I agree with your points made about PEs ‘far away’ from unity. But if you expect a large deviation, IMHO the study should be powered for that – and not concealed by ‘overpowering’ for an unrealistic PE. The ‘old’ EU guideline was pretty specific (3.1 Design c):


The number of subjects required is determined by

  1. the error variance associated with the primary characteristic to be studied as estimated from a pilot experiment, from previous studies or from published data,
  2. the significance level desired,
  3. the expected deviation from the reference product compatible with bioequivalence (∆) and
  4. the required power.

Unfortunately the current guideline (4.1.3 Subjects / Number of subjects) reduced this section to :blahblah::


The number of subjects to be included in the study should be based on an appropriate sample size calculation.


❝ There is a certain risk that the regulatory authority could refuse a marketing authorisation because only by overpowering the study became acceptable.


I wouldn’t expect that. BE is solely defined by inclusion of the CI within the acceptance range. I’m only concerned whether regulators might not accept the protocol – that’s where the term ‘forced BE’ has its place.

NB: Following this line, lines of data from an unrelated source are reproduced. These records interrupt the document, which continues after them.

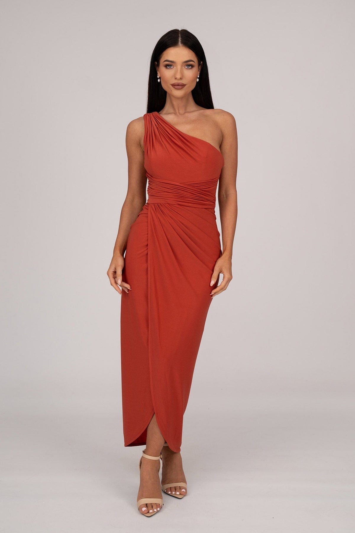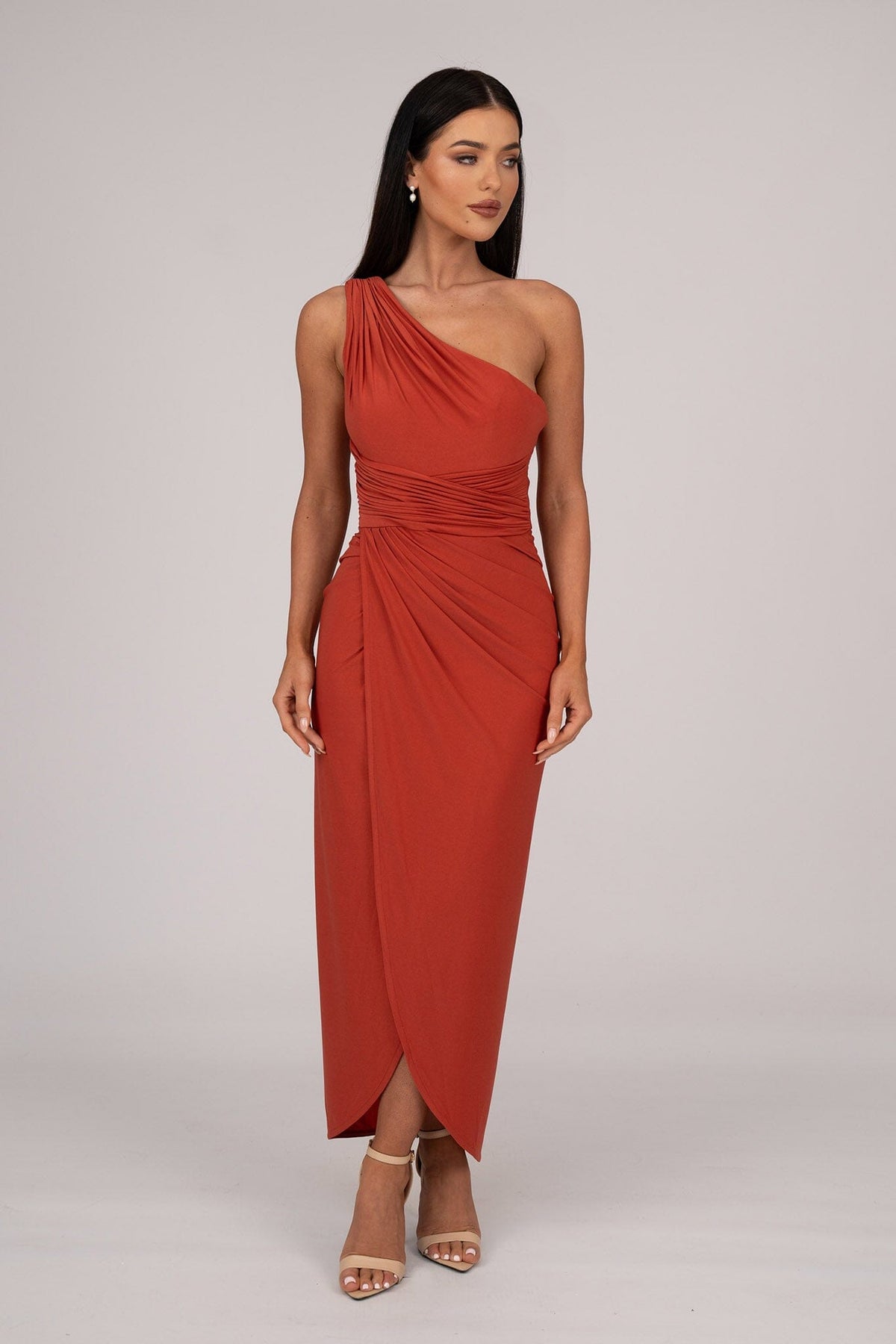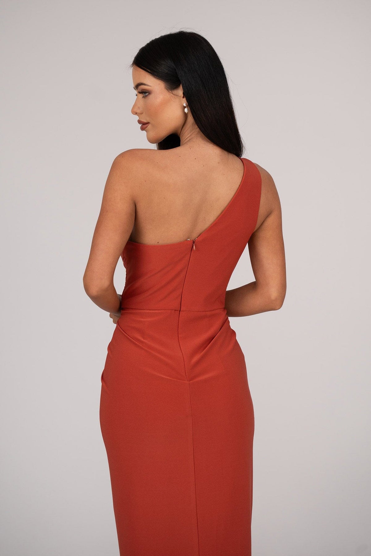 Hayden One Shoulder Midi Dress - Burnt Orange
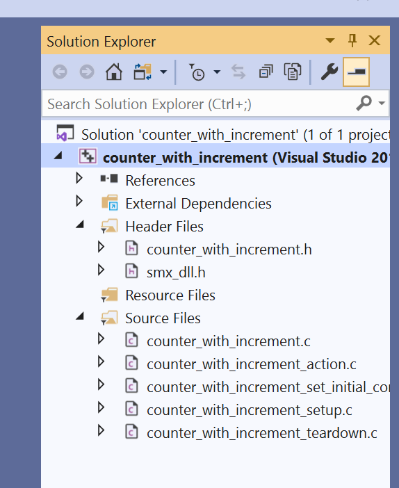 Expand the Solution Explorer window to show the source and header files that are a part of the project.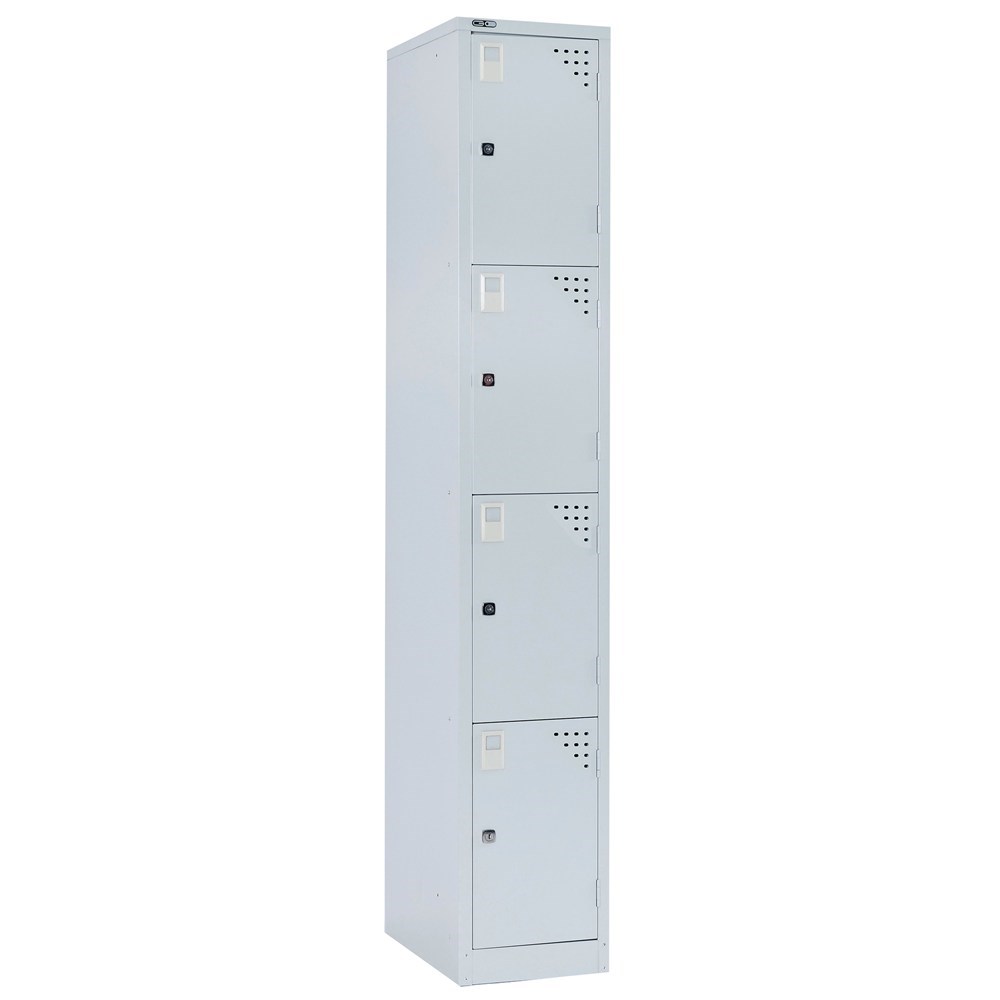Go Steel Storage Locker Four Door 1830Hx305Wx455mmD Silver Grey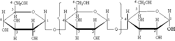 Амилозапредставляет собой линейный биополимер, состоящий из остатков глюкозы, соединенных через кислородные атомы в положении 1 и 4. Молекулярная масса амилозы от 150 000 до 500 000 а. е. м. в зависимости от вида растения.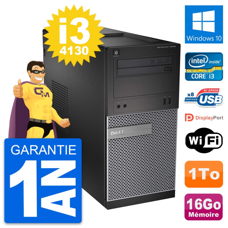 PC Tour Dell OptiPlex 3020 - Intel Core i3-4130 3.4 Ghz (3 Mo) - 16 Go DDR3 - Disque Dur 3,5" 1 To - Graveur DVD - Clef Wifi USB - Windows 10 - Garantie 1 an.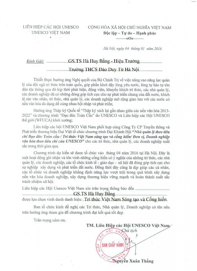 Cùng nhận được thư mời và các giấy tờ thủ tục để tham dự buổi lễ vinh danh “Nhà Quản lý theo tiêu chí Đạo đức Toàn cầu/ Trí thức Việt Nam Sáng tạo và Cống hiến/ Đơn vị, Doanh Nghiệp, Doanh nhân Văn hóa theo tiêu chí UNESCO” (dự kiến tổ chức vào ngày 23/4) như nhiều nhà khoa học khác mà báo Dân trí đã phản ánh, GS.TSKH Hà Huy Bằng, Hiệu trưởng trường THCS Đào Duy Từ Hà Nội, giảng viên trường ĐH Khoa học Tự nhiên – ĐH QGHN cho biết: “Tôi có nhận được nhiều cuộc điện thoại và thư mời của người trong ban tổ chức buổi lễ này nhưng tôi đã thẳng thừng từ chối và không tham gia. Thậm chí tôi còn phát cáu vì họ gọi nhiều lần và nói nộp tiền”.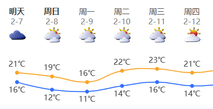 7-9日受冷空氣影響,轉(zhuǎn)陰天到多云,局部有零星小雨,氣溫逐日下降,8-9日氣溫將降至11-16℃左右,晝夜溫差減小,最大陣風(fēng)7級左右;10日白天氣溫回升,早晚有零星小雨和輕霧。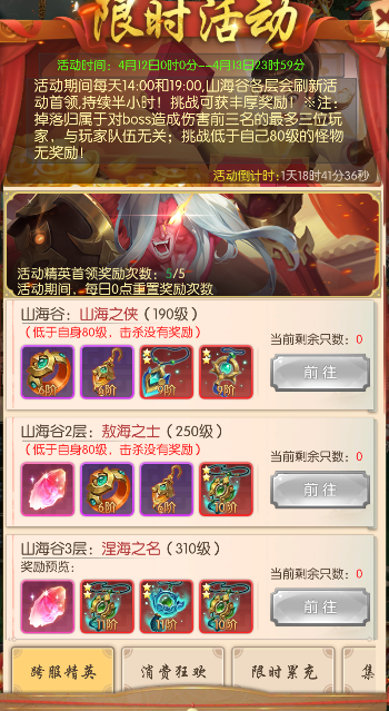 每天14:00和19:00,山海谷各层均会刷新活动精英,挑战可以获得丰厚奖励!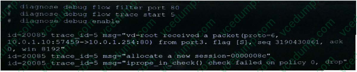 A. The user student must not be listed in the CA's ignore user list.An administrator cannot connect to the GIU of a FortiGate unit with the IP address 10.0.1.254. The administrator runs the debug flow while attempting the connection using HTTP. The output of the debug flow is shown in the exhibit: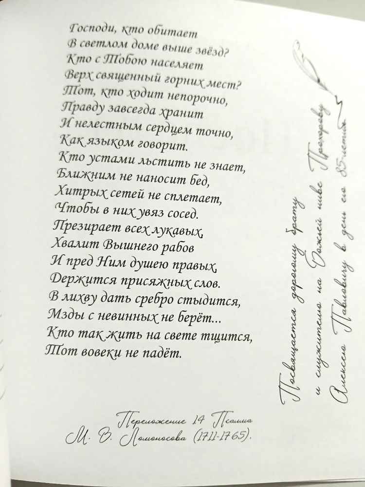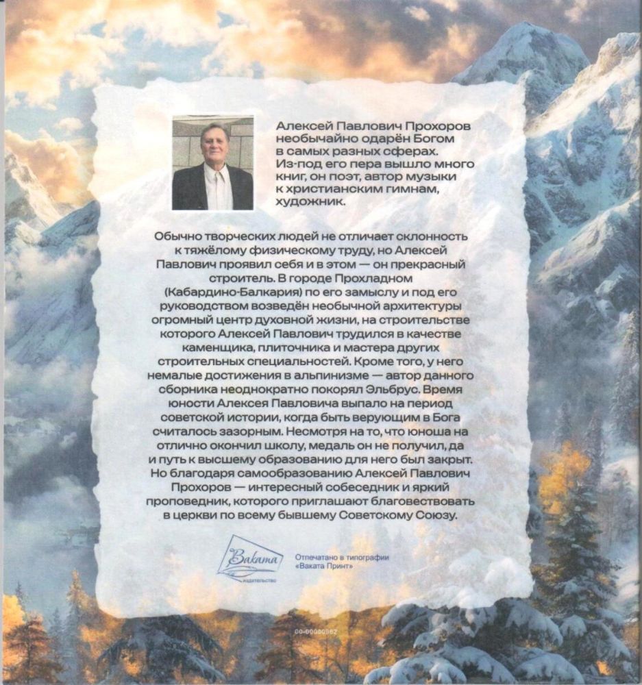руководством возведён необычной архитектуры огромный центр духовной жизни, на строительстве которого Алексей Павлович трудился в качестве каменщика, плиточника и мастера других строительных специальностей. Кроме того, у него немалые достижения в альпинизме — автор данного сборника неоднократно покорял Эльбрус. Время юности Алексея Павловича выпало на период советской истории, когда быть верующим в Бога считалось зазорным. Несмотря на то, что юноша на отлично окончил школу, медаль он не получил, да и путь к высшему образованию для него был закрыт. Но благодаря самообразованию Алексей Павлович Прохоров — интересный собеседник и яркий проповедник, которого приглашают благовествовать в церкви по всему бывшему Советскому Союзу.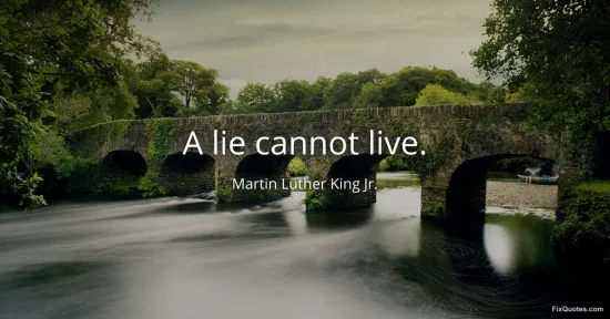 A lie cannot live is King at his most deceptively spare: a one-sentence theology of truth with the cadence of a threat. The line works because it treats falsehood not as a clever tactic but as a fragile organism. Lies require oxygen - repetition, intimidation, complicity, the constant labor of shoring up a story that reality keeps eroding. By contrast, truth is framed as self-sustaining. King collapses the moral and the practical into the same claim: injustice is not only wrong, its foundation is unstable.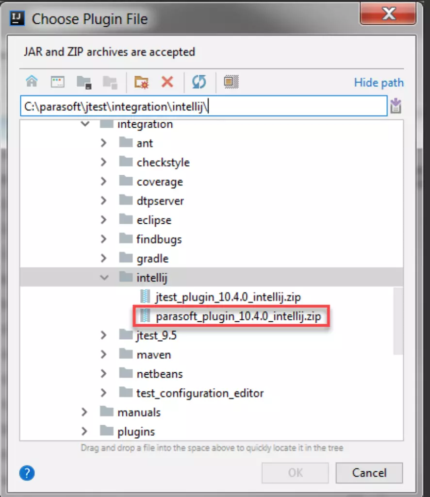 点击齿轮图标菜单,选择 从磁盘安装插件...,然后选择\\integration\\intellij\\parasoftplugin_intellij.zip,并点击确定。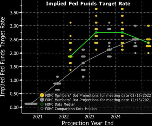 El gráfico de puntos del FOMC se ha revisado al alza para 2022, con una expectativa media de 7 subidas de tipos este año

See also FDA’s guidance, Appendix C (though speaking about PBE and IBE, ∆ ≤5% is suggested):

Sample sizes for average BE should be obtained using published formulas. Sample sizes for population and individual BE should be based on simulated data. The simulations should be conducted using a default situation allowing the two formulations to vary as much as 5% in average BA with equal variances and certain magnitude of subject-by-formulation interaction. The study should have 80 or 90% power to conclude BE between these two formulations. Sample size also depends on the magnitude of variability and the design of the study. Variance estimates to determine the number of subjects for a specific drug can be obtained from the biomedical literature and/or pilot studies.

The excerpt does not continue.